Sonra bir yatılı bölge okulunda demir bir ranzaya kelepçelenip “Burada bir daha Kürtçe konuşursan dilini koparırız” diye yüzüme haykırdıklarında, bu öfkenin gerçek sebebini çocuk aklımla idrak edemedim.
Yıllar sonra, “kangren zamanlara ayak bastığımda” anadilimin “o gün” başıma “bela” olduğunu anladım.
Bu “belayı” o gün bugün, en kıymetli eşyam gibi, en saklı yanımda taşıdım.
Sonra bu “belanın” koca bir toplumun “belası” olduğunu fark ettim.
Bundandır, dile vurdum kendimi. Ona sığındım. Çünkü bizim asıl yaramız, meğerse dil yarasıymış. O yüzden dilimin ucuna gelen her yasak kelimeyi, o kelimeleri yasaklayanların yüzüne bir tutam tükürük gibi fırlatmak istedim. Madem dilim belamdı, o halde bu “belayı” büyütmekten başka çarem yoktu. Anadilimin edebiyat ürünlerini Türkçe’ye çevirmeye başladım. Ben çevirdikçe Kürtçe bir edebiyat dili olarak sesini biraz daha yükseltti. Yasak kelimelerin isyanı büyürken, çoktan o kelimelerden umudunu kesmiş olan birileri dağın yolunu tutmuştu bile. Bu kez kurşunların karşısında kelimeler mecalsizdi.
Çocuklar ölmeye başladı. Çok kan aktı. Her yer tarumar oldu. Köyler yakıldı, koca bir coğrafyada “tarih öncesi köpekler” havlamaya başladı. Umut azaldı, şiddet nüfuz etti cemiyetin damarlarına, kan tuttu herkesi... Anaların feryatları boşalan o koyakları doldurdu, kimse o çığlıkları duymaz oldu. Kulaklar sağır, diller lâl oldu.
Sonra Recep Tayyip Erdoğan adında bir “uzun adam” çıktı. “Ne yapıyorsunuz, niçin bu insanlara bu kadar zulmediyorsunuz, bundan sonra onların parmağı kesilse benimki kanayacak, bunu böyle bilin” dedi.
O kanın, o gözyaşının içinde o kadar şefkatli bir sesti ki bu ses, solculuğumu, Kürtlüğümü, seküler hayat biçimimi, arkadaşlarımı, bir kısım akrabamı yaşadığım o mahallede bırakıp o sesin yanına koşmaya başladım. Benimkine benzer birçok sese daha ihtiyacı vardı çünkü.
“Akil İnsanlar Heyeti”nde dere tepe birlikte çıktık yola. Onun elinde baldıran zehrinin şişesi, benim boynumda “dönek” ve “ihanet” yaftası... Umurumda değildi. Barışa koşuyorduk birlikte. Türkçe’ye çevirdiğim Mehmed Uzun’un kelamı mataramdaki su, heybemdeki azıktı. Ve bu bana yeterdi.
Daha ne olsun “dağlarına bahar gelecekti memleketimin!”.
Barış ayağımızın altında, başımızın üzerinde dolaşıyordu.
Bir daha bu memlekette zulüm olmasın, bir daha bu topraklarda insanlar birbirini öldürmesin, her yere sulh egemen olsun diye, Kürdi bir ses olarak, onların girdiği siperde kendime bir yer bulup ben de yanlarına yerleştim.
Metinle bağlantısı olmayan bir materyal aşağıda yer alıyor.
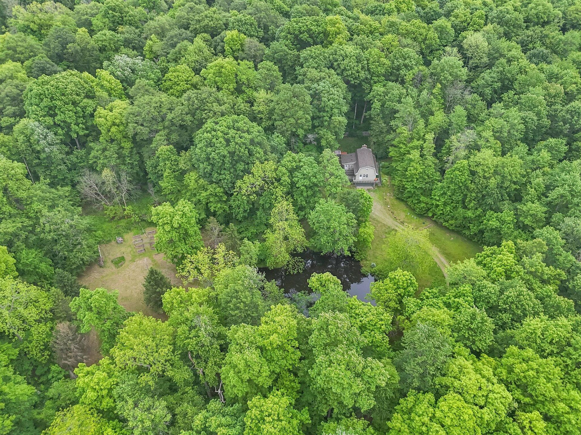 Calling all nature lovers & homesteaders! This property is the perfect canvas for creating your dream oasis, complete with a fenced orchard, raised garden beds, a large pond, & acres of serene wooded land. From the moment you arrive, the winding, tree-canopied drive sets the tone--you'll be in love before you even set eyes on the charming 1,500-sqft barn-dominium style home. Inside the two-story layout offers 3 bedrooms & 1 full bath. The main level features an open-concept living room and kitchen with quartz countertops and a cozy cabin-like feel. A wood-burning fireplace anchors the living space, creating the perfect spot for gatherings....read more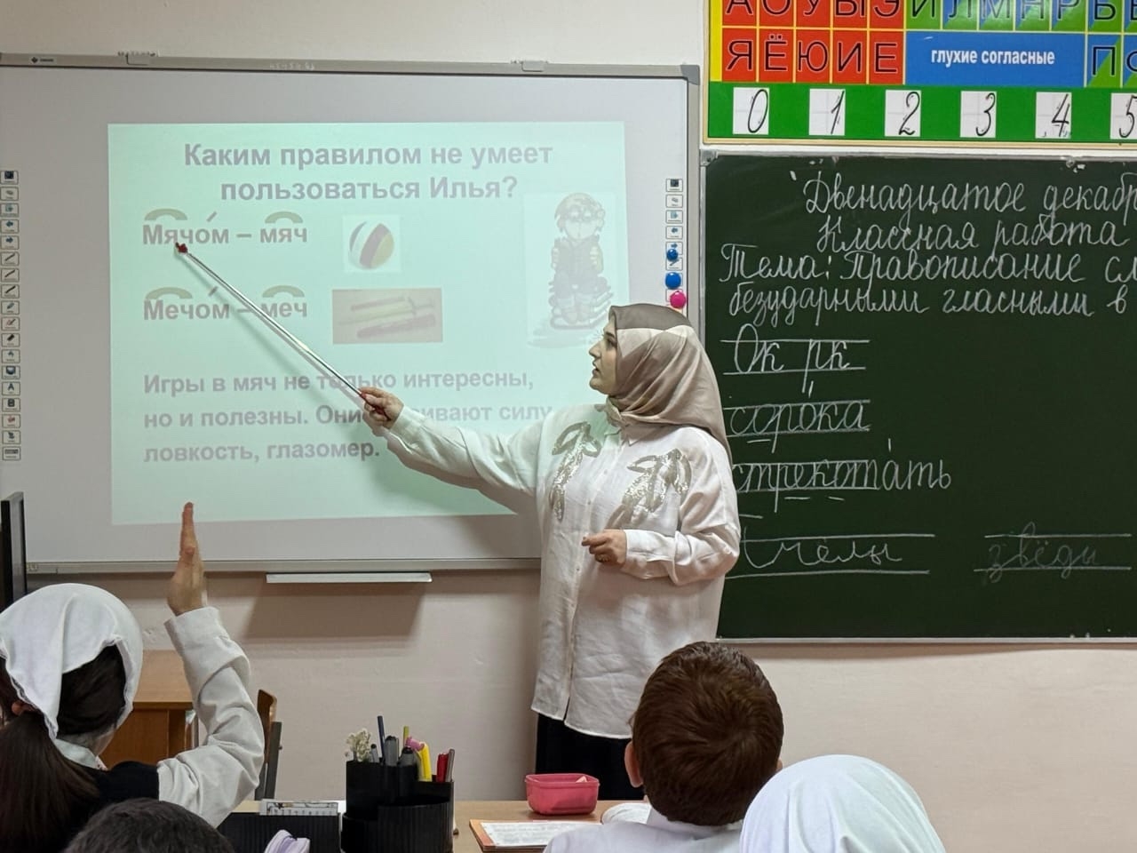 15.12.2025Учитель начальных классов Магомедова Макка Рамзановна провела открытый урок русского языка во 2 «Б» классе на тему:«Правописание слов с проверяемыми безударными гласными в корне слова». В ходе урока были успешно отработаны умения правильно обозначать безударные гласные в корне слова, развивались орфографическая зоркость, внимание и интерес обучающихся к русскому языку.

Kelamıyla varlığımın farkına vardığım anadilimin bütün edipleri, bütün ermişleri ne kadar iyi bir şey yaptığımı hep birlikte kulağıma fısıldamaya başladı. Tek kelime Türkçe bilmeyen yaşlı anam da, canım karıcığım da... Demek ki doğru bir şey yapıyordum. Gayri hiçbir yafta, hiçbir yerimde, hiçbir iz bırakmayacaktı.
İki taraf arasında köprü olabilirim diye mebus oldum.
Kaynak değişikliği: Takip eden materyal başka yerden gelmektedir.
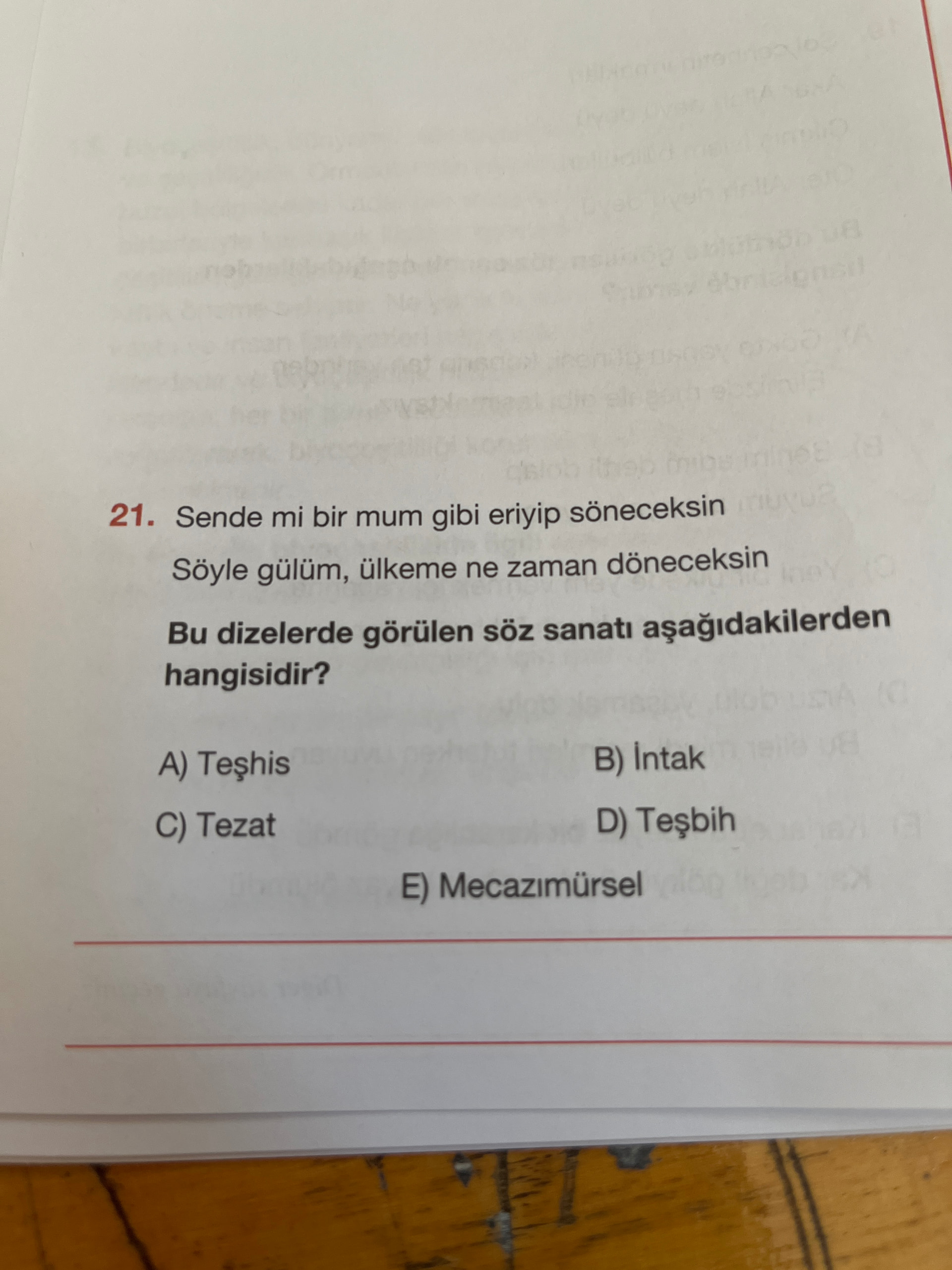 Doğru cevap: D) Teşbih

Seçildim, heyhat köprü inşaatında kullanılacak malzemenin her yerine tekrar kan bulaştı.
Şimdi tekrar çocuklar ölüyor, üstelik kahpe mayınlarla hem de...
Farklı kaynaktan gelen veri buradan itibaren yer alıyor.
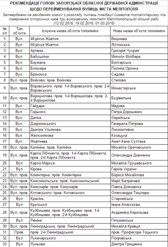 Переименование улиц в Мелитополе. Так, город Мелитополь, все же, начал декоммунизацию. 1 марта состоялось заседание специальной комиссии при исполкоме горсовета. За время заседания, успели переименовать 59 улиц. При этом любопытно, что мелитопольцы увековечили имя легендарного генерала Петрова, в честь которого была названа в советские годы и 55-ая артиллерийская бригада на "Уральских казармах" в Запорожье. Петров был уникальной личностью в истории, он воевал без обеих рук и сам он из Запорожского края. При этом в Запорожье улицы с именем Петрова так и не появилось.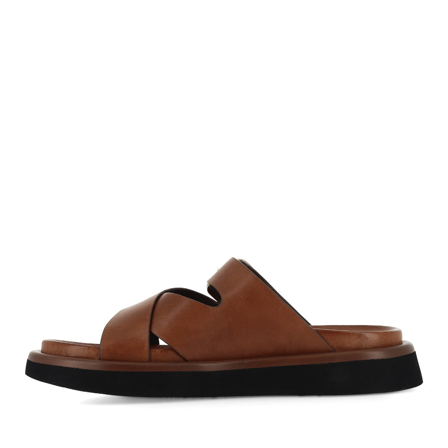 SLAY by EOS is a refined women's slide featuring crossover straps and an adjustable instep strap, accented by a soft brushed gold metal buckle for both style and practicality. A rounded toe and premium materials ensure a smooth, luxurious finish, making SLAY the perfect slide for a touch of effortless sophistication.

Sertleşti hayat, galiba Meclis’te bana düşecek iş yok, o yüzden yokum yeni dönemde...
Kan bulaşsa da her yerimize, en umutsuz zamanlarda “umudun, sözün bittiği yerde başlayan şey olduğuna” inandım.
Şimdi hiç ama hiç kimseye kırgınlık duymadan, hiç kimseye sitem etmeden, daha önce, yani milletvekili olmadan önceki mevzime geri döneceğim.
Barışın benim gibi, sizin gibi daha çok savaşçıya ihtiyacı var çünkü.